One year ago my daughter who was five then paid attention for the first time to the crucifix from the church. Seeing the image of Christ crucified she started to ask me questions which I answered, though not as I wished. Now after almost a year I think I know how I could help her make the choice she has already made without my help.
`Mummy, look, blood!`
My daughter points towards the Crucifixion. In her eyes are shown many emotions: lack of understanding, compassion and fear…She tries to hide behind my back as if she was frightened by her discovery.
`This is Christ `– I explain, trying to keep my voice at the right tonality for wining her confidence. `He died so that we could live`…
I kiss the feet of the Savior suggesting with this gesture to my daughter that she should have done the same thing, but she remained in place, irresolute. The expression from her face and her gaze obviously tell that her fear is replaced by curiosity. She watches Christ the Savior carefully.
`If He died does it mean He doesn’t exist anymore?`
She speaks softly almost inaudible. Her fear disappeared completely but now her words express her bewilderment.
`God always exists` – I answer being surprised that even for me it is not quite clear everything, but my daughter seems happy. `God died then was resurrected.` `He is always with us and helps us when we ask Him.`
Her mistrust disappears.
`And we will be resurrected too after we die?`
She doesn’t speak in a whisper anymore but not too loud either. On her lips and in her eyes it’s shown a vague smile.
`If we love God, He will resurrect us.`
Her expression becomes again serious and musing. She points towards the blood from Christ’s wounds.
`They didn’t love God?`
`They.` Interesting. What can she imagine when saying this `they`?
`Maybe they were afraid of Him` – I try to speak confidently. Although it is even harder to go on answering to her questions.
`They could have just asked Him and He would have driven away from them any fear!`
My girl says these words with an expression like that of Newton when discovering the law of gravity.
`He taught them.` `He taught them to love.` `But it’s not that easy to love`…
The girl stood still. She muses at the words she has just heard. Probably the thought that to love is harder than to crucify cannot be comprehended by her. I stand still too.
Involuntarily in my mind appears a prayer: `Lord, help me understand and accept what I have just explained to my daughter.` `God, help me learn to love and not to crucify.`
My daughter turns her gaze towards me. Her eyes are wide open. I remain silent. She looks again at the Savior’s face and raises her hand as if she wanted to touch the Crucifixion. We keep on being silent for a few minutes. She takes my hand. Her fingers tremble and her eyes are brimming with tears.

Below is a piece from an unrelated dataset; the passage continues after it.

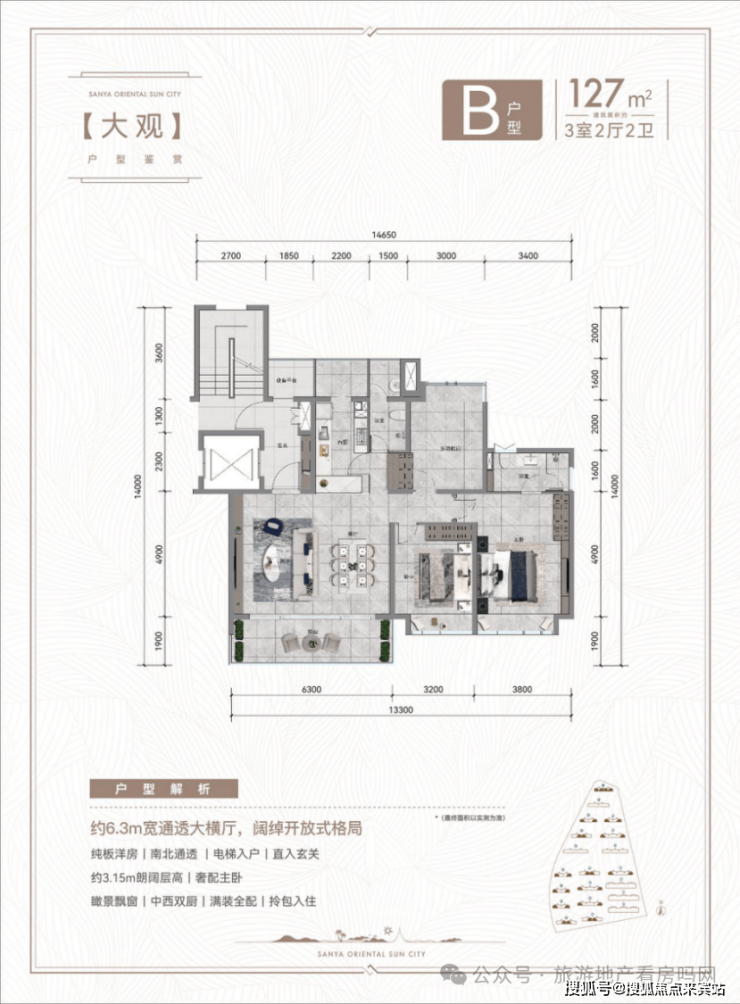 B户型:建面约127㎡,三室两厅两卫。电梯入户,直入玄关,约6.3m宽通透大横厅,阔绰开放式格局;约3.15m朗阔层高,奢配主卧瞰景飘窗。

`I don’t want like them` – she says in a whisper – `I want with Him`…
We stood a little like that while I was trying hard to put my thoughts in order. But all I could do was to pray to God to help us. Not for something particular, just to help us for ever… To help us in what He considered it was necessary. I had no idea what my daughter was thinking about but I know that her thoughts were not that of a child in those moments.
Of course after this incident she has not become more obedient or less prankish, she remained the same five years old girl. But from that moment on I have many times noticed that my daughter prayed in a whisper and I saw her inexpressible joy when she realized that her prayers were heard. And her sincere and unconditioned faith support me in moments of despondency.